But now I'll try to take it slowly. At least until I find myself rushing for deadlines again.
This would be the first part, since it takes me a bit of time to write blogs. However, the next parts shouldn't be to far off into the future since I'm already done with the results of the activity, only
Anyway, this activity deals with image segmentation! There are two kinds of image segmentation tackled by the activity: grayscale image segmentation and colored image segmentation. There are further types within colored image segmentation, but I'll get to that later.
The first type is easier, since it only deals with grayscale images. For example, take a grayscale image loaded by Scilab. This should give values between 0 to 255. Using a function that finds all of the values above a particular threshold and setting those values to zero, with all the other values set to one, should give us a clear segment of the image that is below that threshold.

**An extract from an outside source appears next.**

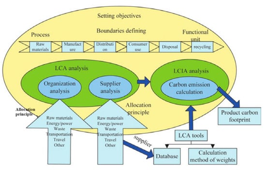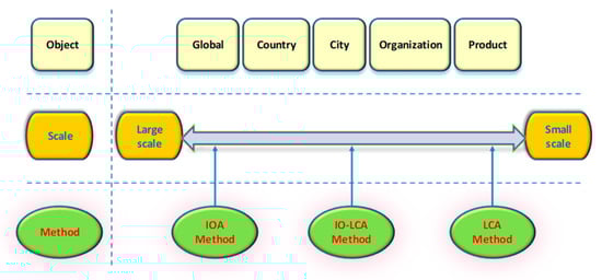 The assessment of carbon footprint varies based on diverse working units, different dimensions, and methods employed for calculating carbon emissions. The input–output analysis (IOA), life-cycle assessment (LCA) and IO–LCA are the three carbon-emission calculation methods that satisfactorily meet the requirement of the carbon footprint definition. In the case of small scale products, the bottom-up LCA method is used, while the top-down IOA is adopted at the global scale. On the other hand, the hybrid method of combining LCA and IOA is increasingly used in most research cases, as shown in Figure 2.
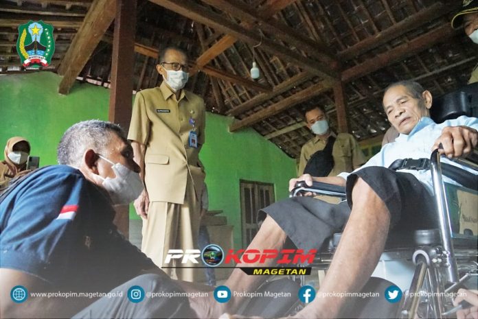 Sebagai bentuk kepedulian Pemerintah Daerah Kabupaten Magetan dalam memberikan pelayanan serta perhatian terhadap masyarakat yang memiliki kebutuhan khusus terlebih untuk mereka penyandang tuna daksa, hari ini, Senin (23/05) Bupati Magetan bersama Kadinsos Magetan serta jajaran membagikan kursi roda kepada masyarakat di Desa Baleasri, Kecamatan Ngariboyo dan Desa Nglopang, Kecamatan Parang.

To test this type of image segmentation, we were given a grayscale image of a check by Ma'am Jing.
Fig. 1. Grayscale image of a check. |
The one-liner code that worked was:
BW = I < 125;where 125 was the threshold value and I was the image read by Scilab in a matrix. It works because the code performs on each element of the matrix a Boolean evaluation of whether that element is below 125 or not, and places the answers to another matrix BW.
In binary, True is 1 and False is 0. Thus, creating an image out of the matrix BW gives the segmented image based on the threshold used.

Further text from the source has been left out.